Смерть второй дочери, как и смерть первой, вызвала у матери Марии глубокие переживания. Вероятно, после нее она написала статью "Рождение в смерти", где изложила свою теодицею. Тема смерти нашла свое выражение и в новых стихах матери Марии. Вместе с частью старых эти стихи были опубликованы в сборнике "Стихи" (Берлин, 1937). Помимо любви-сострадания к людям и творению, всего того, что мать Мария назвала "всеобъемлющим материнством"42, в новых стихах (более подробный анализ которых см. в главе III. 3) мы находим новую духовную установку - на активное сопротивление злу, которое передается в образах битвы Давида с Голиафом. Смысл этих стихов, как и того, о каком сражении идет речь, проясняется в контексте статей матери Марии, в частности, "Второй Евангельской заповеди" (1939).
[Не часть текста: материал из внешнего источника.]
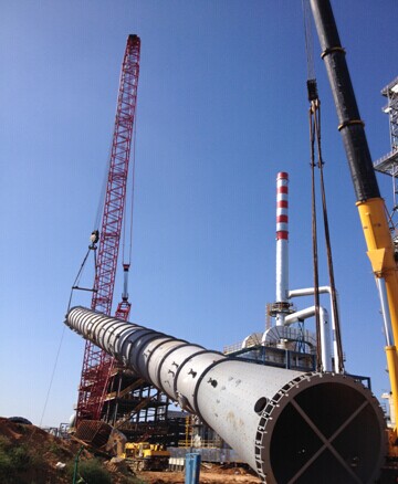 自第一臺(tái)設(shè)備進(jìn)場(chǎng)以來(lái),我項(xiàng)目部在業(yè)主、監(jiān)理的正確指導(dǎo)和大力幫助下,大型設(shè)備吊裝工作順利推進(jìn),隨著2014年9月20日“兩塔一罐”(焦化分餾塔、加氫分餾塔、焦化緩沖罐)精確就位,400噸吊車開始退場(chǎng),預(yù)示著全場(chǎng)大型設(shè)備吊裝工作圓滿結(jié)束。本工程大型設(shè)備數(shù)量多,吊裝工作量大,框架內(nèi)重型高壓設(shè)備復(fù)雜,設(shè)備平面布置緊湊。焦化分餾塔高61米,總計(jì)130余噸,吊車占位空間窄小,…

Христианин выступает на стороне Бога в битве за сердца человеческие. Мало увидеть в ближнем образ Божий. Увидев его в своем брате, человек увидит и "как этот образ Божий затуманен, искажен, исковеркан злой силой. Он увидит сердце человеческое, где диавол ведет непрестанную борьбу с Богом, и он захочет во имя образа Божьего ... начать борьбу с диаволом ... Он это сможет, если у него не будет ни одного самого утонченного, самого корыстного желания, если он, подобно Давиду, сложит с себя доспехи и только с именем Божиим кинется в бой с Голиафом"[Воспоминания. Т. 1. С. 226].
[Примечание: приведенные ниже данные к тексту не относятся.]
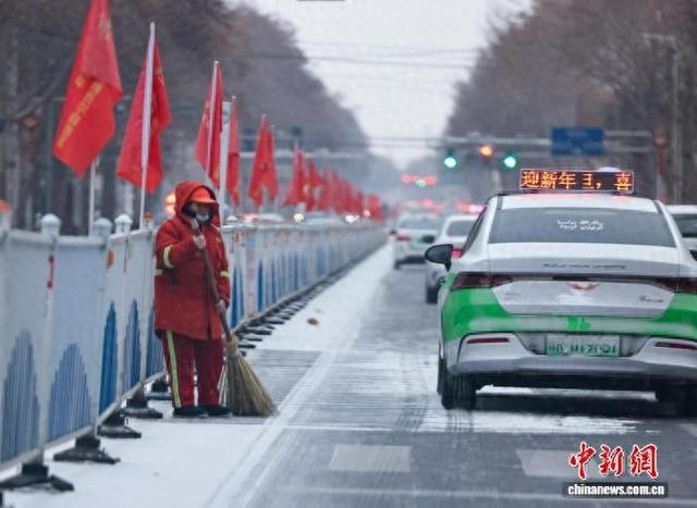 12月31日,干旱少雨的新疆和田市迎来降雪,道路、树木、建筑物被积雪覆盖,吸引民众享受雪后乐趣。图为环卫工人清扫积雪。许晓龙 摄

Теперь становится понятно, о чем идет речь в стихах:

Сильный Израилев, вижу врага я
И твоей воли спокойно ищу.
Вот выхожу без доспехов, нагая,
Сжавши меж пальцев тугую пращу. (132-133)
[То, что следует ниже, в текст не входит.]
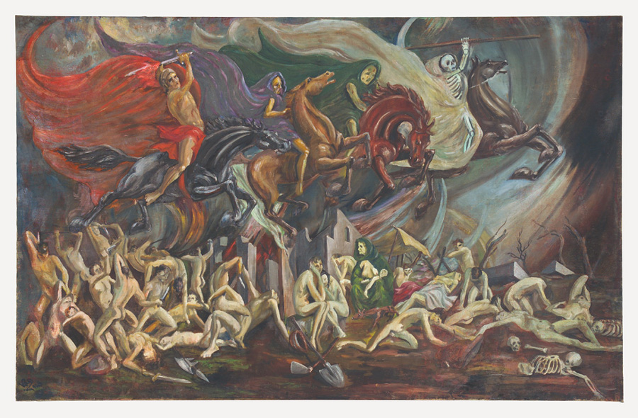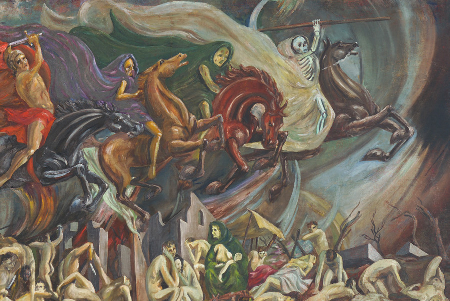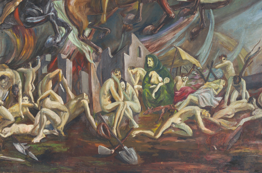 Il dipinto, appartenente a una serie di quattro tele che rappresentano temi analoghi (la peste, la fame, la guerra), è stato eseguito da Vitaliano Parussini, come attestato dalla firma e dalla data apposti sulla tela. La scelta del tema si inquadra nel momento storico immediatamente successivo alla conclusione del secondo conflitto mondiale e probabilmente venne suggerito all'autore dall'esperienza vissuta nella resistenza partigiana. Alla vitalità dei cavalli, condotti da cupe figure di morte (dei quattro cavalieri, uno brandisce la spada, un altro la falce), fa riscontro il dramma di un'umanità travolta e calpestata dai flagelli rappresentati dai cavalieri stessi: la guerra, il dominatore, la fame, la morte.

Образ царя, пророка и псалмопевца Давида в тридцатые годы особенно привлекал мать Марию, ему она посвятила одно из самых замечательных своих произведений - грандиозную вышивку (длиной более 5 метров) с восьмью эпизодами из его жития (мы посвятили этой работе отдельную статью43).
Давид, сразивший Голиафа, - не единственный ветхозаветный герой, с которым сравнивает себя мать Мария. Другим является Иаков, боровшийся с Богом и получивший после этого благословенье (но не раньше, чем была "сокрушена" его кость). Вспомним, что мать Мария понимала постриг как причисление к "избранному роду", духовному Израилю. Не случайно Иакову, получившему после борения с Богом имя Израиль (Быт. 32, 22-31), посвящены в сборнике несколько стихотворений.
Если битва со злом, дьяволом, связана для матери Марии с борьбой за сердца ближних, то "борение с Богом" - относится к собственной подвижнической жизни. Вторя словам Христа (Мф. 11, 12), мать Мария говорит: "Церковь учит, что Царствие Небесное берется усилиями"44. Само подвижничество в Православии понимается как стяжание Царствия, встречи с Живым Богом, и мать Мария этого никогда не забывала. При этом борьба подвижника с Богом понимается не как богоборчество (возникающее по поводу "слезинки ребенка"), а как следование за Христом и вольное полагание жизни за людей. (В этом смысле эпизод борьбы Иакова получает толкование как прообраз Голгофского Распятия). Революционное богоборчество не просто отвергается матерью Марией, но замещается другим, истинным "богоборчеством", выражавшимся у нее вначале - в подвижнической, труднической жизни ("несение креста"), а потом - в вольной смерти.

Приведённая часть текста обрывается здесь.